C Pointer: char to binary value

Question

#include <stdio.h>
#include <string.h>

int * bin(char a);

int main(void){
        char a='a';
        int k=0;
        int *binary;

        binary=bin(a);
        for(k=0; k<8; k++){
                printf("%d", *binary++); 
                printf("\n");      
        }

        return 0;
}
int *bin(char a){

        int i=0;
        int *arr;
        int output[8];
        char c=a;
        for (i = 0; i <8 ; ++i) {
                 output[8-i-1] = (a >> i) & 1;

        }
        arr=&output[0];
//              for (i = 0; i <8 ; ++i) {
//              printf("%d", output[i]);
//      }
//      printf("\n");

        return arr;
}

The ouptut should be the binary value of the char 'a'which is: 0 1 1 0 0 0 0 1

but i got this instead: 0 -1216804320 -1218095335 -1216804320 10 -1076423592 -1218208721 -1216804320

Is this a pointer problem? How do i fix it so it would print the right answer? thx!!

Answer 1

First error I can notice is Scope problem, that you are returning address of local variable output[8];

 arr=&output[0];
 return arr;

That is wrong, scope of output[] is inside bin() function only.

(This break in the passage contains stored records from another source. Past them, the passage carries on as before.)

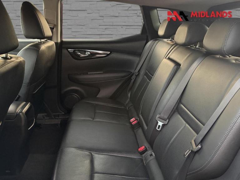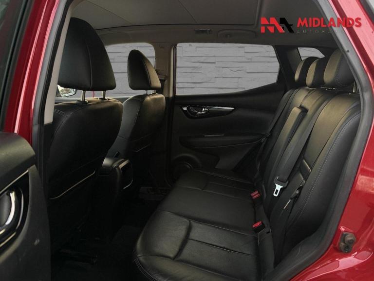 LOVELY NISSAN QASHQAI TEKNA MANUAL WITH FULL SERVICE HISTORY + ONLY ONE FORMER KEEPER FROM NEW + FULL BLACK HEATED LEATHER SEATS + SAT NAV + BLUETOOTH + BT AUDIO + DAB RADIO + MEDIA INTERFACE + PANORAMIC GLASS ROOF + 360 PARKING CAMERA + BLIND SPOT ASSIST + CLIMATE CONTROL + TINTED WINDOWS + CRUISE CONTROL + COMES WITH A 12 WARRANTY AND A FRESH 12 MONTH MOT + FREE NATIONWIDE DELIVERY
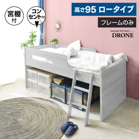 ロフトベッド ロータイプ 子供 木製 最安挑戦 高さ95 宮付き 棚付き コンセント すのこベッド 大人 用 白 ドローン フレームのみ / ホワイト / -ART
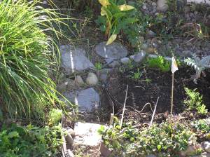 Altho, I must say every garden angel in the vicinity did come to my rescue. My eyeball was perilously close to the rock’s pointed end. It was if one of them said, “To the rescue, cuz she’s about to go down–again.”
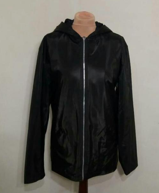 Куртка чорна з м'яким переливом прямого силуету з тканини з поліуретановим покриттям, з капюшоном (не відстібається), на металевій блискавці, утеплена тонким синтепоном, є дві кишені. Прекрасний захист від дощу та вітру. Тканина: поліуретанове просочення Розмір: 176/14 Стан: відмінне ДВиробу= 71см ДР=59 см ПОГ= 56см Ціна: 650 грн.
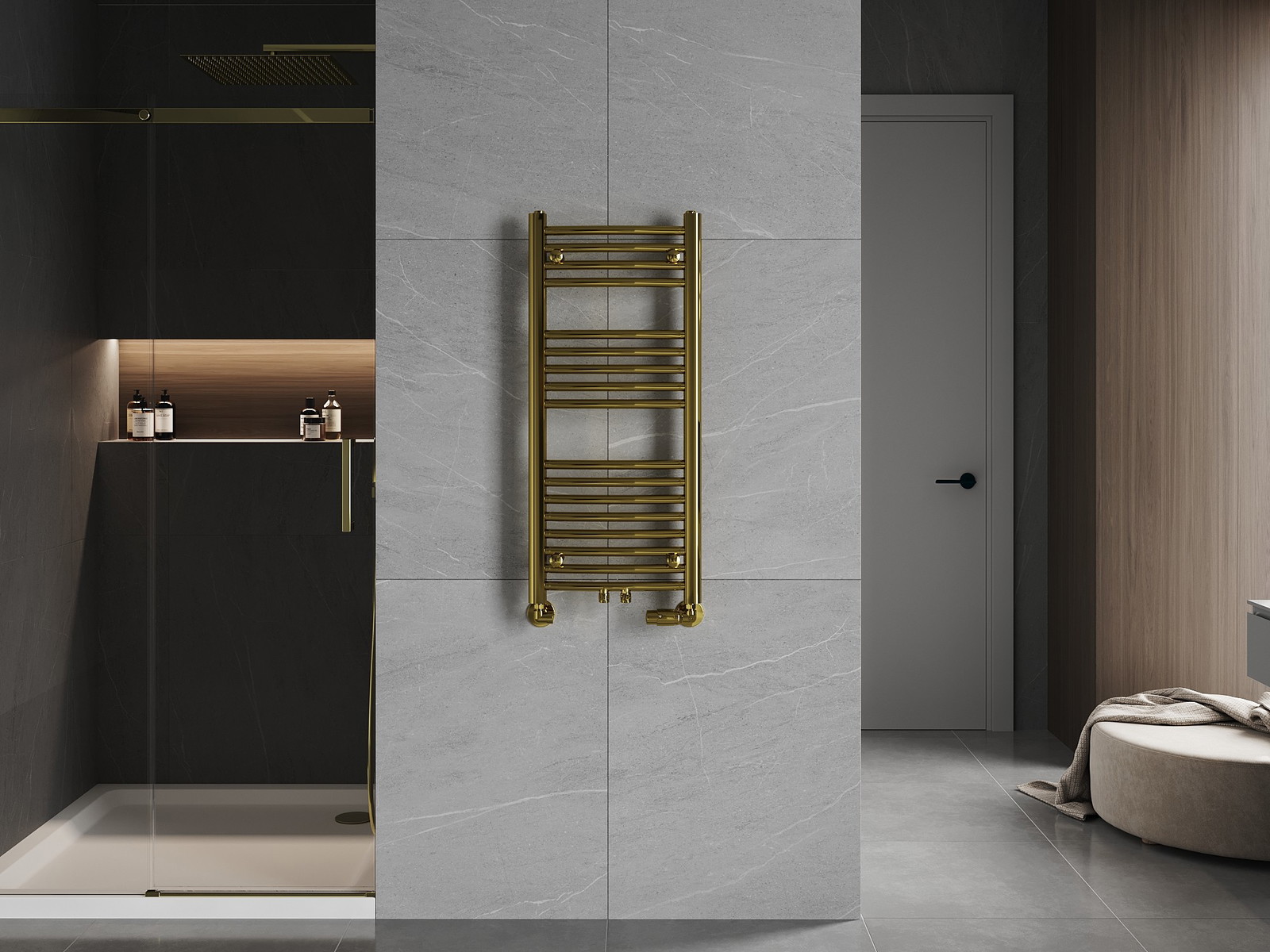 Mexen Ares on kylpyhuoneen patteri, jossa on elegantti kultainen viimeistely, joka yhdistää tyylin ja tehokkuuden. Sen mitat ovat 900 x 400 mm, mikä tekee siitä ihanteellisen valinnan erilaisiin kylpyhuonekokonaisuuksiin. Teräsrakenteensa ansiosta se painaa vain 5,24 kg, ja sen lämmitysteho on 246 W lämpötilassa 75/65/20 °C. Siinä on joustavat liitäntävaihtoehdot ja mahdollisuus asentaa lämmitin, mikä tarjoaa monipuoliset asennusmahdollisuudet. Korroosionkestävyys ja reaktio tuleen A1 takaavat kestävyyden ja turvallisuuden käytössä. Mukana tulee asennussarja ja tarvikkeet.

You should allocate memory for output[] dynamically if you want to access it outside bin() function, like:

int *output = calloc(8, sizeof(int));

even you don't need extra variable just return output from bin()

I have corrected you code like below without much change:

int *bin(char a){
        int i=0;
        int *output = calloc(8, sizeof(int));
        for (i = 0; i <8 ; ++i) {
                 output[8-i-1] = (a >> i) & 1;
        }
        return output;
}

Notice removed unused variables c and arr

additionally, don't forgot to free dynamically allocated memory explicitly:

Second (Notice) be aware of Memory Clobbering Error because you are updating binary variable by ++ in printf function.

Just simple don't free(binary); it will produce run time error because you are modifying binary variable inside printf *binary++: first save return address in a extra pointer variable then free that. Like I am doing:

 b = binary=bin(a);      
 // loop 
  printf("%d", *binary++); 
 //             ^ changing binary variable to point new memory location  
 // after loop 
 free(b);

If you free(binary) then it would be wrong because you would free a memory location that is not allocated dynamically because your are changing binary variable.

get a working code here, read comments.

Answer 2

You're returning a pointer to a local variable (arr), whose contents are no longer valid when the function returns. Use malloc instead:

int main(void){
        ...
        int *arr = bin(a);
        ...
        free(arr);
        return 0;
}

int *bin(char a){
        int *arr = malloc(8 * sizeof int);
        ...
        return arr;
}